Problem to solve: In your copy of the data below, reproduce every entry exactly and omit the pictures.

Excerpted data:
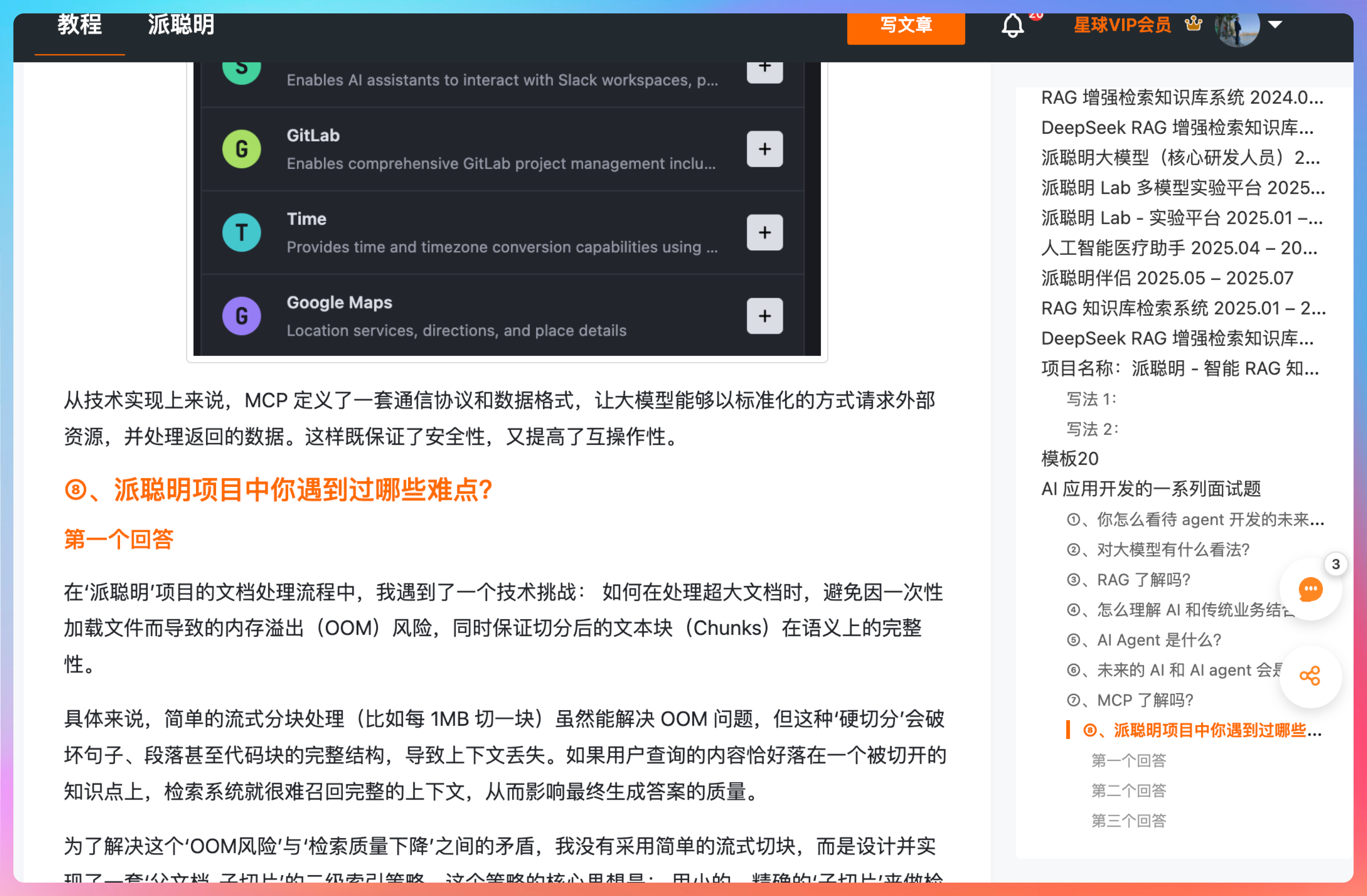 就像很多球友给我反馈的,在准备日常实习的时候发现面试官很喜欢问派聪明 RAG 这个和 AI 高度相关的项目。
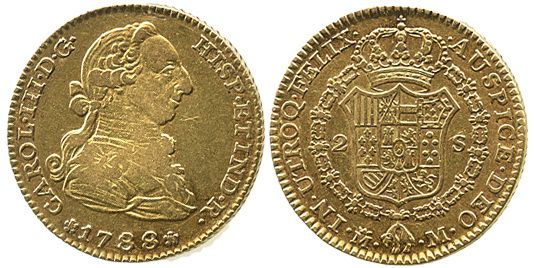 Madrid, Spain, bust 2 escudos, Charles III, 1788M. KM-435.1; CT-459. 6.8 grams. Problem-free XF with hint of toning in legends.
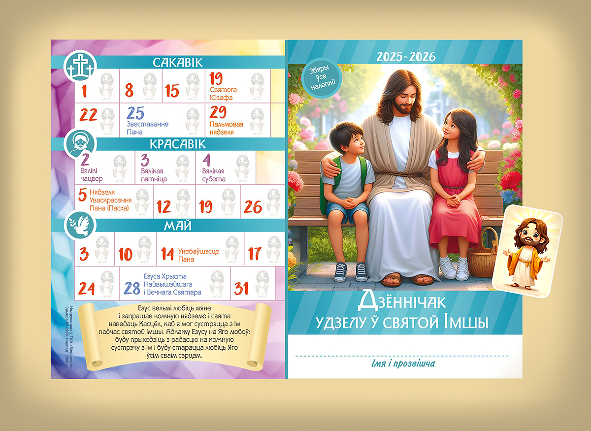 Для хрысціяніна, які любіць Бога, удзел у Святой Імшы – гэта радасць, а не сумны абавязак. Бо менавіта тут адбываецца найглыбейшая сустрэча чалавека з Богам. Палюбіць штонядзельную Эўхарыстыю і навучыцца гэтай дысцыпліне з дзяцінства дапаможа наш каляндар-дзённік з налепкамі на 2025-2026 навучальны год. У ім адзначаныя ўсе нядзелі і абавязковыя святы, што дапамагае не забыць, у які менавіта дзень трэба прысутнічаць у касцёле. А набор налепак дапаможа дзецям у форме гульні прывучыцца да гэтай дысцыпліны любові.
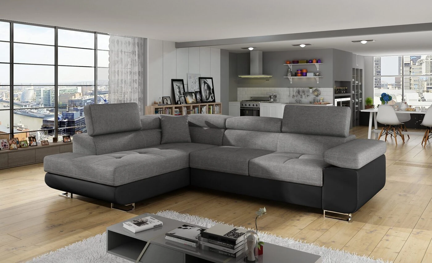Erdvus minkštas kampas, įdomaus dizaino funkcionalus baldas šiuolaikiškiems namams. Kampas pasižymi patvaria konstrukcija – šiek tiek užapvalintais šonais, plačiu porankiu, aukštomis, blizgiomis chromuotomis metalinėmis kojelėmis, subtiliu dygsniuotu dizainu ir siūlėmis ant sėdynių bei patogiomis galvos atramomis. Papildomas privalumas tai trijų galvos atramų reguliavimo galimybė - skirtingiems poreikiams. Patvari, stabili baldo konstrukcija derinama su patogiu sėdynės užpildu iš dilimui atsparių gofruotų spyruoklių ir išskirtinai lankstaus bei patogaus naudoti T30 porolono. Minimalistinio stiliaus kampo veliūriniai apmušalai atsparūs trinčiai ir blukimui. Baldas turi pritaikytą miegojimo funkciją ir erdvę patalynės dėžę.
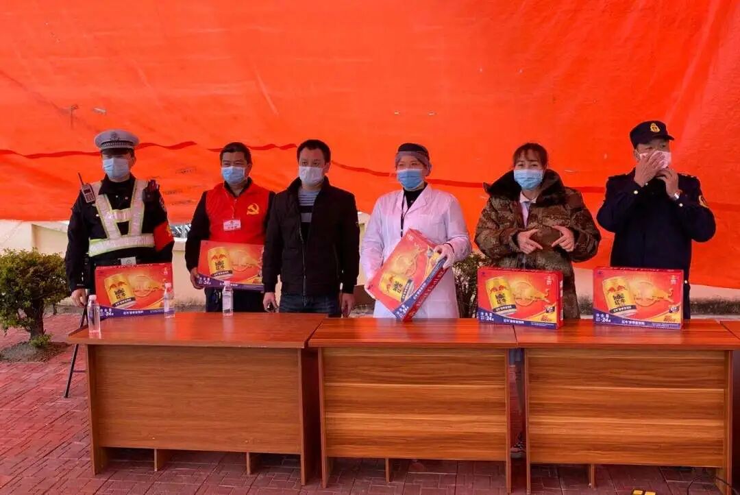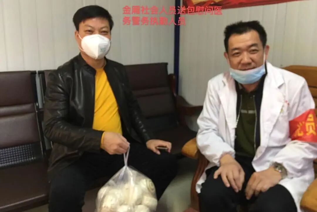 金厢热心人士到执勤卡口送包点慰问医务和警务执勤人员。
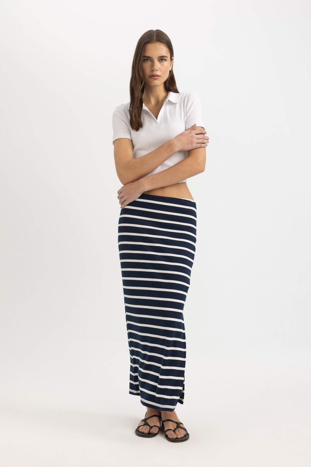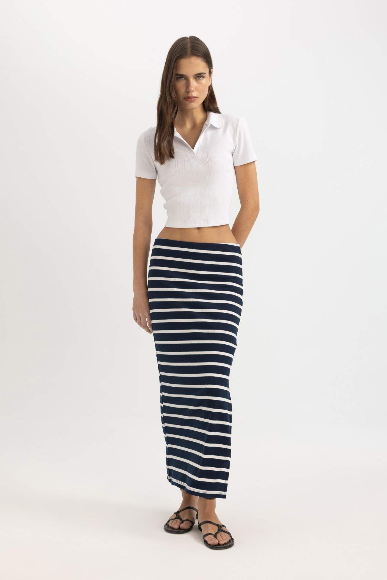 DeFactoFit Çizgili Normal Bel Fitilli Kaşkorse Midi Etek
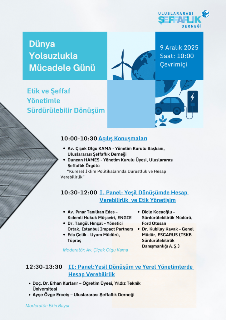 Uluslararası Şeffaflık Derneği olarak bu yılki 9 Aralık programımızla hem ulusal hem yerel düzeyde yeşil dönüşümün hesap verebilirlik mimarisine katkı sunmayı amaçlıyoruz.
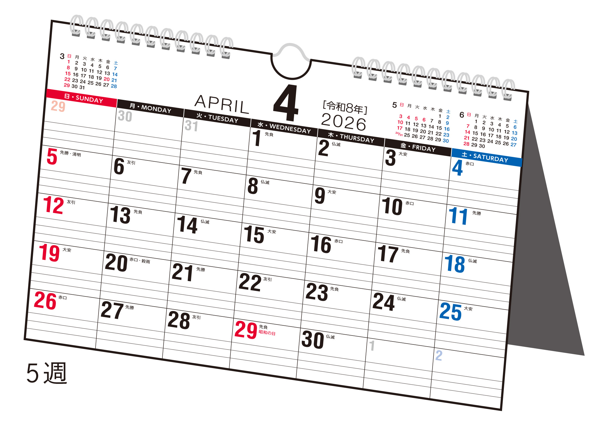 エコで地球にやさしい、シンプルな壁掛・卓上兼用タイプのカレンダー[B5サイズ]

Result:
 就像很多球友给我反馈的,在准备日常实习的时候发现面试官很喜欢问派聪明 RAG 这个和 AI 高度相关的项目。
 Madrid, Spain, bust 2 escudos, Charles III, 1788M. KM-435.1; CT-459. 6.8 grams. Problem-free XF with hint of toning in legends.
 Для хрысціяніна, які любіць Бога, удзел у Святой Імшы – гэта радасць, а не сумны абавязак. Бо менавіта тут адбываецца найглыбейшая сустрэча чалавека з Богам. Палюбіць штонядзельную Эўхарыстыю і навучыцца гэтай дысцыпліне з дзяцінства дапаможа наш каляндар-дзённік з налепкамі на 2025-2026 навучальны год. У ім адзначаныя ўсе нядзелі і абавязковыя святы, што дапамагае не забыць, у які менавіта дзень трэба прысутнічаць у касцёле. А набор налепак дапаможа дзецям у форме гульні прывучыцца да гэтай дысцыпліны любові.
Erdvus minkštas kampas, įdomaus dizaino funkcionalus baldas šiuolaikiškiems namams. Kampas pasižymi patvaria konstrukcija – šiek tiek užapvalintais šonais, plačiu porankiu, aukštomis, blizgiomis chromuotomis metalinėmis kojelėmis, subtiliu dygsniuotu dizainu ir siūlėmis ant sėdynių bei patogiomis galvos atramomis. Papildomas privalumas tai trijų galvos atramų reguliavimo galimybė - skirtingiems poreikiams. Patvari, stabili baldo konstrukcija derinama su patogiu sėdynės užpildu iš dilimui atsparių gofruotų spyruoklių ir išskirtinai lankstaus bei patogaus naudoti T30 porolono. Minimalistinio stiliaus kampo veliūriniai apmušalai atsparūs trinčiai ir blukimui. Baldas turi pritaikytą miegojimo funkciją ir erdvę patalynės dėžę.
 金厢热心人士到执勤卡口送包点慰问医务和警务执勤人员。
 DeFactoFit Çizgili Normal Bel Fitilli Kaşkorse Midi Etek
 Uluslararası Şeffaflık Derneği olarak bu yılki 9 Aralık programımızla hem ulusal hem yerel düzeyde yeşil dönüşümün hesap verebilirlik mimarisine katkı sunmayı amaçlıyoruz.
 エコで地球にやさしい、シンプルな壁掛・卓上兼用タイプのカレンダー[B5サイズ]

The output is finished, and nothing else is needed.